I think bignums would be a great proposal for the Wasm standard, similar to stringref ideally (sniff!), possibly in an attenuated form.

exception handling

Hoot used to emit a pre-standardization form of exception handling, and hadn’t gotten around to updating to the newer version that was standardized last July. I updated Hoot to emit the newer kind of exceptions, as it was easier to implement them in Wastrel that way.

Some of the problems Chris Fallin contended with in Wasmtime don’t apply in the Wastrel case: since the set of instances is known at compile-time, we can statically allocate type codes for exception tags. Also, I didn’t really have to do the back-end: I can just use setjmp and longjmp.

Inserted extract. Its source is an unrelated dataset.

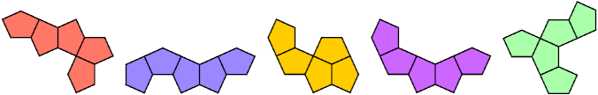 - Surround each piece in turn with the other four pieces.

This whole paragraph was meant to be a bit of an aside in which I briefly mentioned why just using setjmp was fine. Indeed, because Wastrel never re-uses a temporary, relying entirely on GCC to “re-use” the register / stack slot on our behalf, I had thought that I didn’t need to worry about the “volatile problem”. From the C99 specification:

[...] values of objects of automatic storage duration that are local to the function containing the invocation of the corresponding setjmp macro that do not have volatile-qualified type and have been changed between the setjmp invocation and longjmp call are indeterminate.

My thought was, though I might set a value between setjmp and longjmp, that would only be the case for values whose lifetime did not reach the longjmp (i.e., whose last possible use was before the jump). Wastrel didn’t introduce any such cases, so I was good.

However, I forgot about local.set: mutations of locals (ahem, objects of automatic storage duration) in the source Wasm file could run afoul of this rule. So, because of writing this blog post, I went back and did an analysis pass on each function to determine the set of locals which are mutated inside a try_block. Thank you, rubber duck readers!

bugs

Oh my goodness there were many bugs. Lacunae, if we are being generous; things not implemented quite right, which resulted in errors either when generating C or when compiling the C. The type-preserving translation strategy does seem to have borne fruit, in that I have spent very little time in GDB: once things compile, they work.

coevolution

Sometimes Hoot would use a browser facility where it was convenient, but for which in a better world we would just do our own thing. Such was the case for the number->string operation on floating-point numbers: we did something awful but expedient.

I didn’t have this facility in Wastrel, so instead we moved to do float-to-string conversions in Scheme. This turns out to have been a good test for bignums too; the algorithm we use is a bit dated and relies on bignums to do its thing. The move to Scheme also allows for printing floating-point numbers in other radices.

There are a few more Hoot patches that were inspired by Wastrel, about which more later; it has been good for both to work on the two at the same time.

tail calls

My plan for Wasm’s return_call and friends was to use the new musttail annotation for calls, which has been in clang for a while and was recently added to GCC. I was careful to limit the number of function parameters such that no call should require stack allocation, and therefore a compiler should have no reason to reject any particular tail call.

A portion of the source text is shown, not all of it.